Laura had a moment of doubt as to whether she should take Li Po with her or leave her resting comfortably in her bed, surrounded by pillows. She saw her so happy, so pleased in her old bed … She went back over her memories again, the living room, the dining room, the silver rings …
“Rest, Li Po, sleep, live happily ever after. I’ll take care of you forever.”

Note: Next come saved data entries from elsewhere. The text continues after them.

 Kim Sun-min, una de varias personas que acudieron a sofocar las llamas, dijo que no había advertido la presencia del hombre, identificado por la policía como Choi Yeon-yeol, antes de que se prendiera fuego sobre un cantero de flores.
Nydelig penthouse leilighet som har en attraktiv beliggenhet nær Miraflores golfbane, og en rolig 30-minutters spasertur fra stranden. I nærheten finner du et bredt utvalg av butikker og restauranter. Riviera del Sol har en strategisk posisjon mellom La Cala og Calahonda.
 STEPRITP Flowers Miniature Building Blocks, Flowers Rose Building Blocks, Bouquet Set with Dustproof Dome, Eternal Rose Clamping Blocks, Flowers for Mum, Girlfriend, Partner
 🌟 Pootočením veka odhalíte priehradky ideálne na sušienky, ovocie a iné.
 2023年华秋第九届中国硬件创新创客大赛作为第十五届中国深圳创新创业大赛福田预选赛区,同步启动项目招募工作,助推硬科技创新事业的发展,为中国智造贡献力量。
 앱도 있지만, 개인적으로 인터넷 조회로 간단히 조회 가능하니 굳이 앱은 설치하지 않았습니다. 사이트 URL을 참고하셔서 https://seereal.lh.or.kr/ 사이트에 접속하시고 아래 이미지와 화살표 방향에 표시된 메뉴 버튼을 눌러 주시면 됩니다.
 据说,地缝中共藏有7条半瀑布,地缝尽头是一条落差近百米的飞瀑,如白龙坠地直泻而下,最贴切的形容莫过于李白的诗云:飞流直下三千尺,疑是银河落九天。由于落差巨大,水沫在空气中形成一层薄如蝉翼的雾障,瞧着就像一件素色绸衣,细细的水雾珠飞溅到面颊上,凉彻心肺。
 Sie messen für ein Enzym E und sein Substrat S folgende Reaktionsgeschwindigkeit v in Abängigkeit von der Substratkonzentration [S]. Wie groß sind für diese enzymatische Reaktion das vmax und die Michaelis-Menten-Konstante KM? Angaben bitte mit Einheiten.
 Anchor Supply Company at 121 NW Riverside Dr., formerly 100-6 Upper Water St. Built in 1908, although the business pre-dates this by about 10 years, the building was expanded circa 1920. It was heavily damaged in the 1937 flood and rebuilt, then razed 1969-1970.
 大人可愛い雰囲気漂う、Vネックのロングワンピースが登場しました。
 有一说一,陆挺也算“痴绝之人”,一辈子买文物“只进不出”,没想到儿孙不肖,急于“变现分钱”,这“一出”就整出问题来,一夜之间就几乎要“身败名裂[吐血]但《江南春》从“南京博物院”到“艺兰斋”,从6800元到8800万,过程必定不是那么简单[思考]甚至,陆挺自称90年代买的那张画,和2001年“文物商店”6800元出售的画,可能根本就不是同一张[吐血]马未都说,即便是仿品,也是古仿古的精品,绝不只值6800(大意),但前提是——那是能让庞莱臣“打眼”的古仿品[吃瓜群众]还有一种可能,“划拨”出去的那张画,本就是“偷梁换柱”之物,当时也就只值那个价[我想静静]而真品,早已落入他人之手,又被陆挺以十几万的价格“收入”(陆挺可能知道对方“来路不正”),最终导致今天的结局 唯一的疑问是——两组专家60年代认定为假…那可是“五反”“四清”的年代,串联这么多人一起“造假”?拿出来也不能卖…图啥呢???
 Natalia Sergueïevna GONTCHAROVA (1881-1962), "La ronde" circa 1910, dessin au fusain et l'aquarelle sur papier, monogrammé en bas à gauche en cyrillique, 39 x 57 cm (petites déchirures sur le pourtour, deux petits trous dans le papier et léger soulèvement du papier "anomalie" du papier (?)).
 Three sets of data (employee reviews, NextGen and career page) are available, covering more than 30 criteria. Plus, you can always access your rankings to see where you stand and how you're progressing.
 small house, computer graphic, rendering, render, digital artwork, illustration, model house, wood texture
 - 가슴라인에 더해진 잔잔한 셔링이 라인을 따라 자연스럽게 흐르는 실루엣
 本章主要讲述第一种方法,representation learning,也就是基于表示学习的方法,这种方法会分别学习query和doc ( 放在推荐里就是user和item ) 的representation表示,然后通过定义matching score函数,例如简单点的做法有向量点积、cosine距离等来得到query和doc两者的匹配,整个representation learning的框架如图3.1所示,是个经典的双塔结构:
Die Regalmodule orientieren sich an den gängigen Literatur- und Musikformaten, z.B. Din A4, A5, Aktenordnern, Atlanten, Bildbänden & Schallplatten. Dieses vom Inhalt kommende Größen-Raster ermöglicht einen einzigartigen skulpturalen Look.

In the patio, Laura took a long look at the young caretaker, as if she’d known him forever. Then she went out onto the estate, told herself that no matter how big it might be it would always be the poor patch of earth we all finally have forever, after our season on earth. But this May afternoon, she was ever more thankful for the symmetry of the araucaria, which in the flowering of each branch immediately engendered its double, am I going to reproduce myself that way, will I be another Laura Díaz, a second Laura Díaz, not in myself but in my ancestors and descendants, in the people I come from and the people I leave in the world, the people toward whom I’m going and the people I leave behind, the whole world will be like an araucaria that grows a double in each of its flowers, that is not destroyed by storms, that is protected from the lightning by the lightning of its yellow flowers, the marvelous tree that can withstand both hurricanes and droughts?